Dedicação ao esporte
Formada em Engenharia de Telecomunicações e atuando na área por 20 anos, Marcelina se dedica exclusivamente ao esporte há sete, sendo que no último seu objetivo é conquistar o Bolsa Atleta, programa do governo federal. "Há 20 dias fechei com o Clube Bom Pastor de Juiz de Fora e agora tenho uma equipe multidisciplinar que me acompanha na fisioterapia, nutrição, suplementação, musculação e na terapia", celebra.
"O jiu-jitsu é meu coração batendo fora do meu peito. O que era motivo de vergonha hoje é motivo de honra, por conta do esporte", afirma ela ao falar sobre a modalidade. É com esse espírito que ela pretende incentivar outras pessoas com deficiência no esporte.
"Quero iniciar um projeto para incluir e valorizar a pessoa com deficiência nos esportes de luta, além, claro, de seguir competindo". A meta é fechar o calendário de competições de 2023 e seguir para o Mundial em Riad, na Arábia Saudita, no dia 23 de outubro.

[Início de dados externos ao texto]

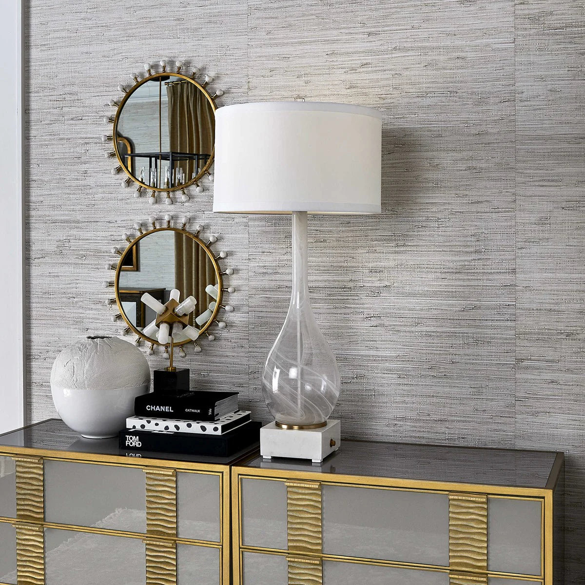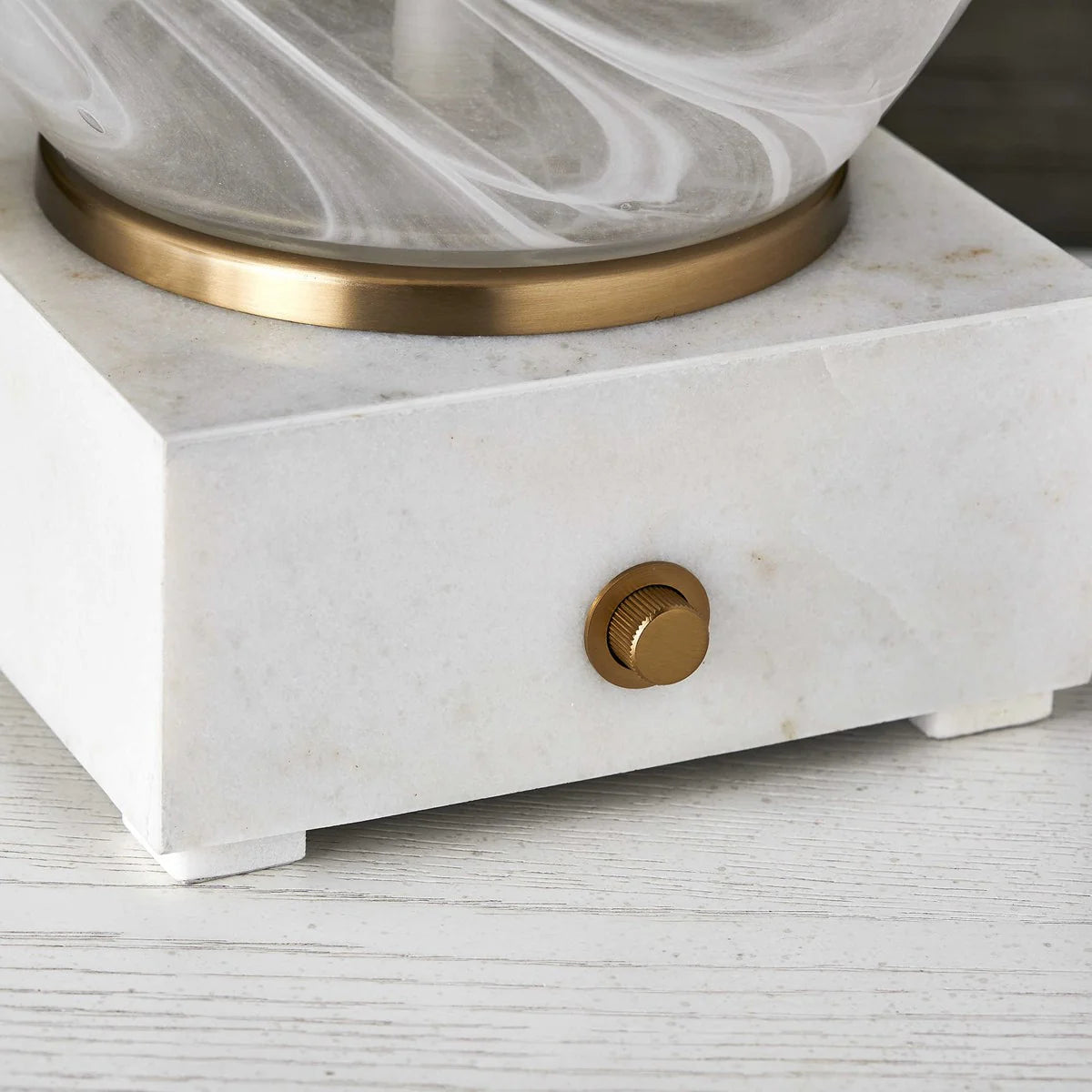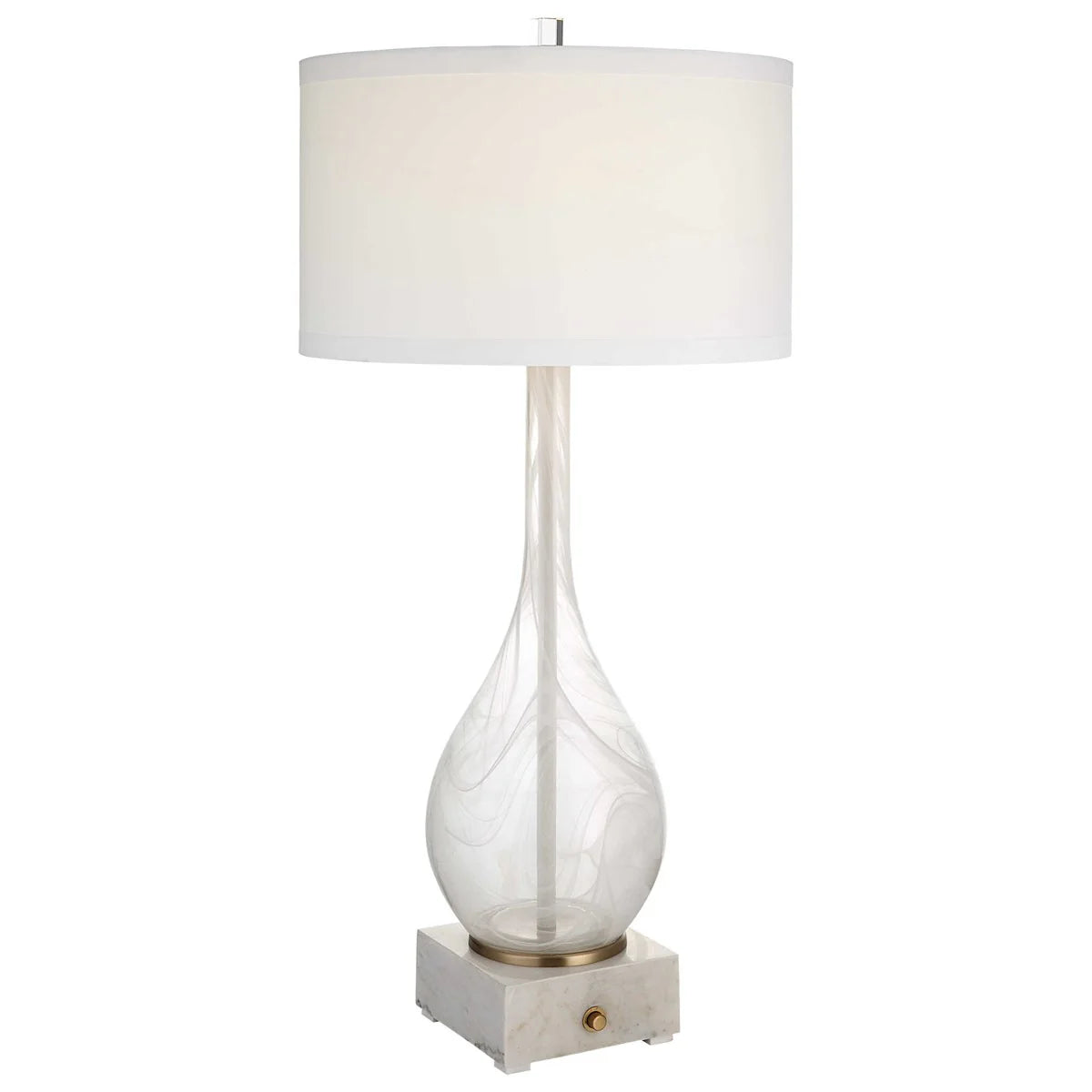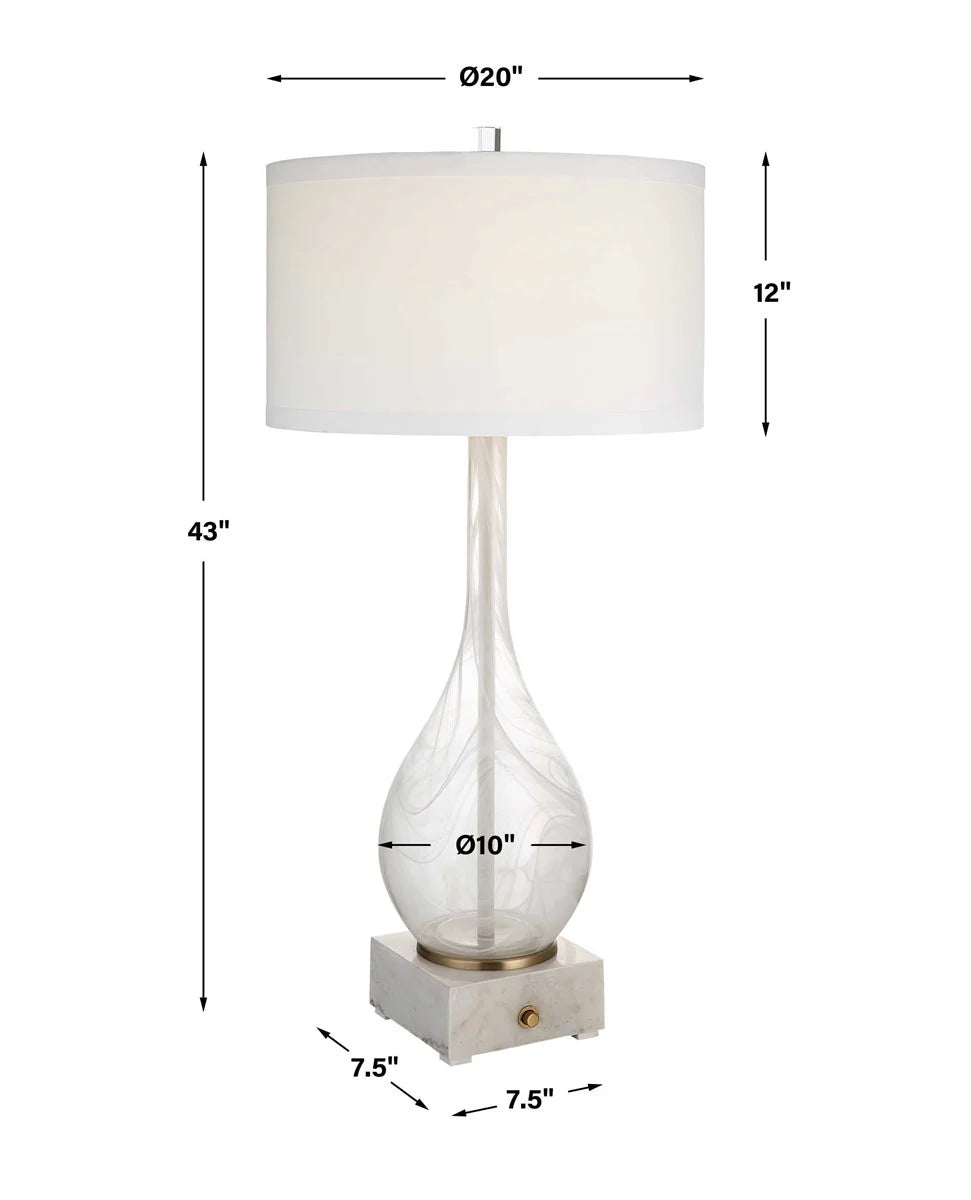 ILLM0214, BICHIYAL LÁMPARA DE MESA escultural lámpara hecha de vidrio soplado a mano en tonos transparente y blanco que combina elegancia y artesanía, cuenta con una base sólida de mármol blanco que sostiene un atenuador giratorio de latón para un control óptimo de la iluminación, su pantalla redonda de tapa dura está cubierta con tela blanca tipo seda shantung texturizada que aporta un acabado delicado y sofisticado ideal para cualquier ambiente moderno o clásico, MEDIDAS 50.8 x 30.48 x 109.22 cm, el color puede variar ligeramente de las fotografías

Para isso, ela conta com a ajuda da sociedade civil: passagem e hospedagem ficam por conta da federação, no entanto, os recursos para se manter no campeonato é angariado em campanhas que faz por meio das suas redes sociais.
"Não tenho patrocinador fixo, então para todas as competições, mais ou menos a cada três meses, faço uma campanha nas redes sociais pedindo a colaboração das pessoas. Mas sempre gosto de lembrar nas entrevistas que empresas que patrocinam pessoas com deficiência no esporte têm dedução fiscal dos impostos e podem me procurar via redes sociais", ressalta Marcelina.